A more recent example came in March 2020 when the CNIPA refused to register “玛莎拉” – symbols that translate to Maserati – in Class 5, which includes “pharmaceuticals, medical and veterinary preparations,” among other things. According to the CNIPA’s decision, the application that Guangzhou Xingkuang Smart Card Technology Co., Ltd. (“Guangzhou Xingkuang”) filed for the “玛莎拉” mark was too similar to a previously-issued registration for Maserati, which extended to some – but certainly not all – of the goods covered in Class 5. Beyond that, the trademark body determined that the application was problematic in that it fell within the realm of bad faith under Article 4. According to the CNIPA, the application triggered Article 4 in large part because Guangzhou Xingkuang had filed more than 100 trademark applications in China since July 2019, most of which were for famous brand names and the names of celebrities. 

Leung, Hui, and Dai note that the “bad faith” finding was significant since “only part of the goods” that Guangzhou Xingkuang claimed in its application were similar to those covered by Maserati’s prior marks. Nonetheless, they state that “with the amended Article 4 in effect, the CNIPA could rely on bad faith and refuse the entire application.” 

In much the same way as in the Bottega Veneta case, “contrary to the above refused application, another third party had successfully registered “玛莎拉蒂” in Class 5 back in January 2012,” per Leung, Hui, and Dai. “Even though the applicant had filed up to around 1,000 applications at that time with many of them being imitations of other famous marks, the application was approved for registration, [and] the mark was only subsequently revoked on the basis of non-use in 2018.” 

One Year Later

Leung, Hui, and Dai claim that the foregoing examples, among others, indicate that under the amended Trademark Law, the CNIPA “now plays a much more active role in guarding against bad faith applications,” particularly for non-native entities, which have been traditionally at a disadvantage due to their lack of proximity to the market, itself, and to the Chinese trademark body. In the past, they note that for brand owners that did not adequately and/or proactively register their marks, “it was rather inevitable that those famous marks would be copied and registered by trademark squatters for other goods and services, thereby resulting in dilution of the distinctiveness of their marks and difficulties for the brand owners to expand protection of their trademark rights in other classes of goods and services in the future.” 
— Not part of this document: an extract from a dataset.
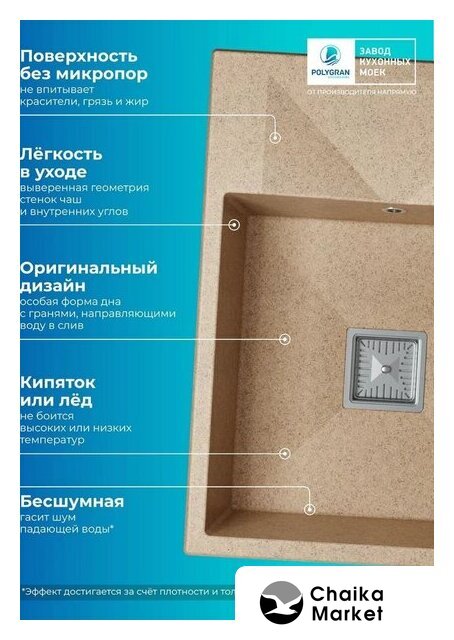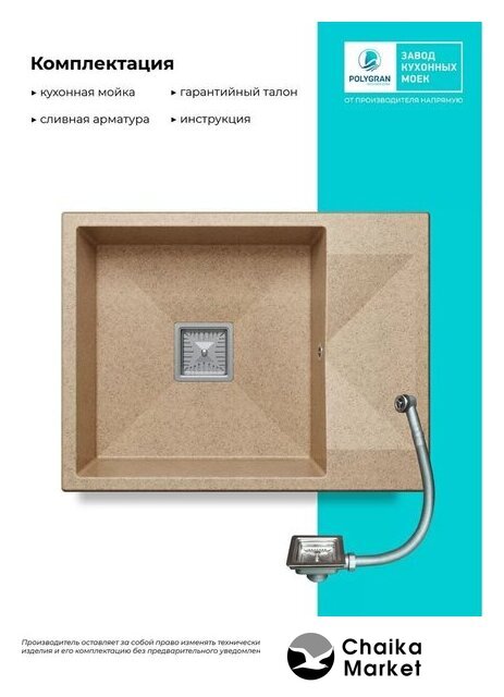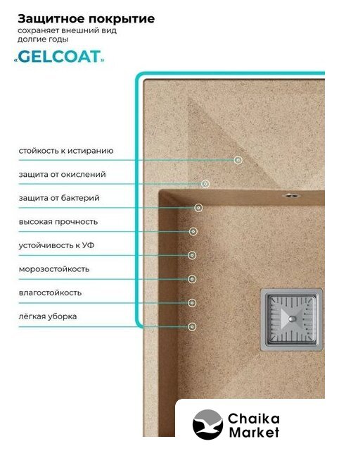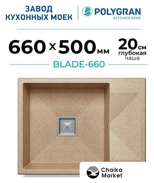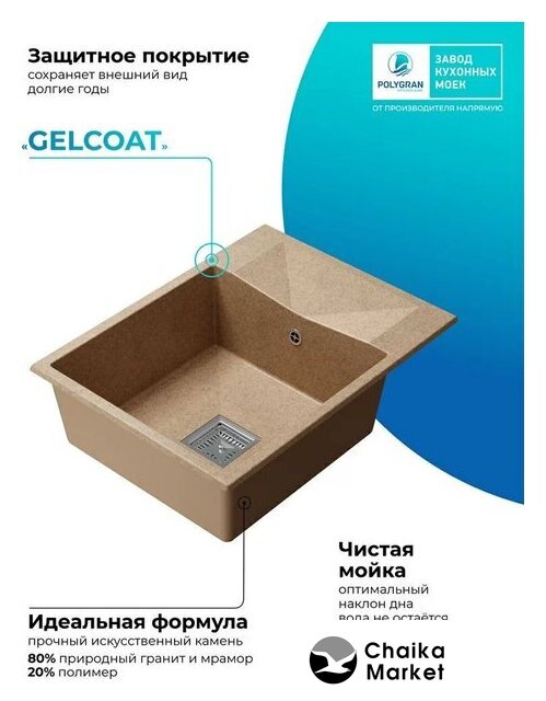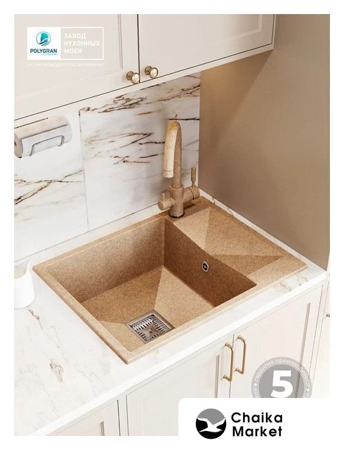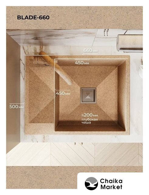 врезная на столешницу, искусственный камень, размеры: 50x66 см, глубина чаши: 20 см, в шкаф шириной от 60 см
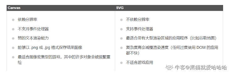 /以上源自知乎/ 1.历史:canvas是html5提供的新元素。 而svg存在的历史要比canvas久远,已经有十几年了。svg并不是html5专有的标签,最初svg是用xml技术(超文本扩展语言,可以自定义标签或属性)描述二维图形的语言。2.功能: canvas可以看做是一个画布,其绘制出来的图形为标量图。可以在canvas中引入jpg或png这类格式的图片。在实际开发中,大型的网络游戏都是用canvas画布做出来的,并且canvas的技术现在已经相当的成熟。另外,我们喜欢用canvas来做一些统计用的图表,如柱状图曲线图或饼状图等。 而svg,所绘制的图形为矢量图,不能引入普通的图片,因为矢量图的不会失真的特点,在项目中我们会用来做一些动态的小图标。这个特点也很适合被用来做地图,百度地图就是用svg技术做出来的。 3.技术: canvas里面绘制的图形不能被引擎抓取,canvas中我们绘制图形通常是通过javascript来实现。 而svg里面的图形可以被引擎抓取,支持事件的绑定,svg更多的是通过标签来实现。我再来介绍一个svg的js库:TWO.JS。其中包含two.js和three.js前者用于绘制二维图形,后者用于绘制三维图形。TWO.JS可以支持三种格式,svg(默认)、canvas、和WEBGL。当然也可以在普通div中引入。 canvas通过js生成,不能被引擎抓取 svg通过标签实现,能被引擎抓取, 优化seo的话要后台传数据 链接:https://www.nowcoder.com/questionTerminal/9d335facf6924598adf8c5983ec42b7a 1.<!DOCTYPE> 声明位于文档中的最前面,处于 标签之前。告知浏览器的解析器,用什么文档类型 规范来解析这个文档。 链接:https://www.nowcoder.com/questionTerminal/9d335facf6924598adf8c5983ec42b7a 文档类型DOCTYPE 当前有两种风格,严格( strict )和过渡( transitional )。过渡 DOCTYPE 的目的是帮助开发人员从老版本迁移到新版本。 如果发送具有正确的 MIME 类型的 XHTML 文档,理解 XML 的浏览器将不显示无效的页面。 浏览器模式DOCTYPE 切换对于 HTML 4.01 文档,

“The amendments of the Trademark Law now confer a clear power for the CNIPA to refuse bad faith applications on absolute grounds to reject imitations of famous trademarks even if a brand owner has not registered its marks for the same or similar goods and services,” which they say “offers some assistance and comfort to brand owners, in particular those which may not have the resources to register their trademarks extensively in many or all sub-classes in China for defensive purpose.” 

Despite such advances, brand owners are still encouraged to file applications for well-known trademarks in China as early as possible, according to CHOFN IP’s Shumin He and Tingxi Huo. While brand owners are in a better position than in the past to prevail against bad faith trademark-filers due to the amendments to the Trademark Law (and thus, the resulting outcomes in proceedings before the CNIPA) and based on a string of favorable decisions in bad faith trademark litigations, they aptly note that even if a party is ultimately victorious, the relevant legal proceedings can be time- and resource-consuming, oftentimes making “an earlier and wider registration far more cost-efficient than a passive lawsuit” after the fact.

He and Huo also note that the CNIPA is in a position to refuse bad faith marks, but “the examiners cannot absolutely filter all of the [applications for] confusingly similar or identical trademarks for use on similar or identical goods or services.” With that in mind, “it is thus highly advisable for the brand owners to watch the Chinese trademark register and duly file oppositions, a particularly important [way] to prevent squatters’ trademark applications from turning into registrations.”